Convergent Evolution: A Better Explanation
The Major Convergent Evolution Obstacle: Can an Event Acknowledged as Improbable Occur Many Times?
by Jerry Bergman, PhD
An international team of scientists working with a certain kind of butterfly in Panama was faced with a question: How could “pairs of clearly unrelated butterflies from Peru to Costa Rica evolve nearly the same wing-color patterns over and over again?” Typically, evolutionists explain this phenomenon away with an empty phrase: “butterflies can evolve along separate and different paths to arrive at the same color pattern, a process called convergent evolution.” This answer requires a suspension of disbelief. How can different species take two very different genetic paths – which would require many major genetic differences – and yet arrive at the same end result?

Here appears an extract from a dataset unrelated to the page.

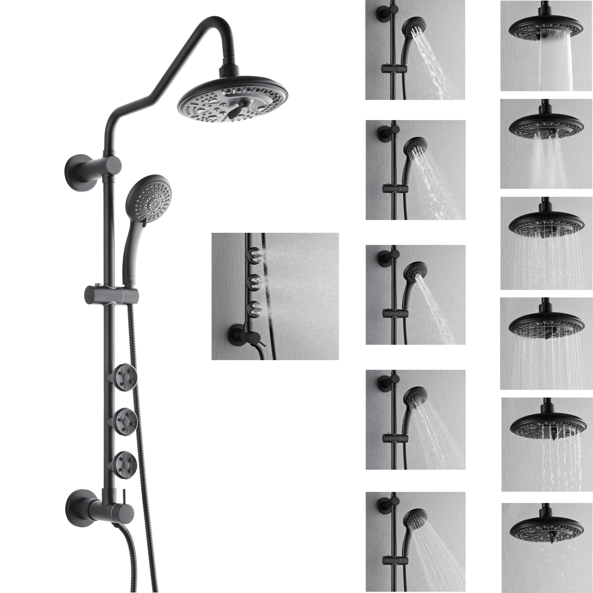* 6-Way Diverter Offers Full Control of Shower Functions: Switch with ease; rain shower, handheld, or jets. Mix and match for a custom spa feel.

The “convergent evolution” solution fell apart in a study on Heliconius butterflies published in Current Biology. The Smithsonian Tropical Research Institute remarked that the discovery “forever changes the way evolution is understood.” The finding that motivated this remark is as follows:
although natural selection channeled phenotypic convergence [i.e., outward appearances were similar], divergent developmental contexts between the two major Heliconius lineages opened different developmental routes to evolve resemblance. Consequently, even under very deterministic evolutionary scenarios, our results underscore a surprising unpredictability in the developmental paths underlying convergence in a recent radiation.

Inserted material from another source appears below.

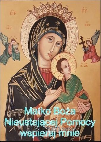 Obraz Matki Boskiej Nieustającej Pomocy to cudowna ikona maryjna, pochodząca z tradycji bizantyjskiej, znana z licznych łask i otaczana wielkim kultem na całym świecie, zwłaszcza w Kościele katolickim. Ikona przedstawia Matkę Bożą trzymającą na lewym ramieniu Dzieciątko Jezus, które z niepokojem patrzy na dwa anioły trzymające narzędzia męki: krzyż, gwoździe i włócznię. Jezus, w geście dziecięcego lęku, trzyma się dłoni Maryi, a jednocześnie jego sandał zsuwa się z nogi symbolizuje to gotowość do ofiary i ludzką naturę Jezusa. Maryja patrzy na widza z powagą i spokojem, jakby chciała przekazać, że zawsze czuwa i nigdy nie przestaje pomagać.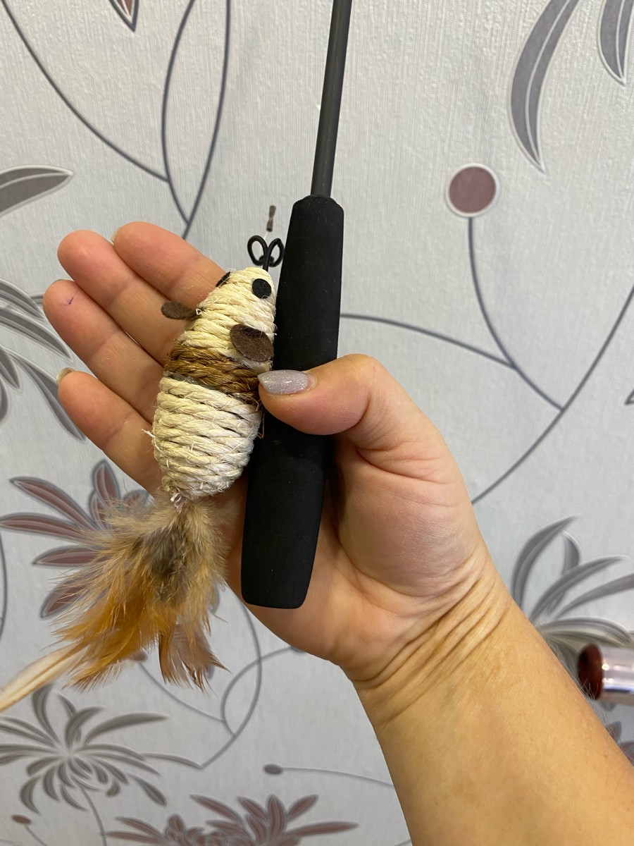 Удочка-дразнилка телескопическая "Мышка с перьями", 370-970/150мм, Triol

Natural selection can, in other words, cause two animals to converge so they look alike (the process called “convergent evolution” noted above), but it can take very different genetic paths to reach that goal. It’s as if two balloons can leave Detroit at the same time, moved by the same wind, but one goes east, the other northwest and they both end up in Paris at the same time. How can this be considered possible? The review uses word salad to basically restate their faith in natural selection’s ability to work miracles.
Evolution is often viewed as a highly contingent process, where chance mutations and random genetic drift affect future outcomes. Nonetheless, there are many cases across branches of the tree of life where different species have evolved remarkably similar solutions to common environmental challenges. Such convergence provides some of the most compelling evidence of the power of natural selection to shape phenotypic diversity in highly deterministic ways. Over the past several decades, numerous studies have examined how convergent change is achieved.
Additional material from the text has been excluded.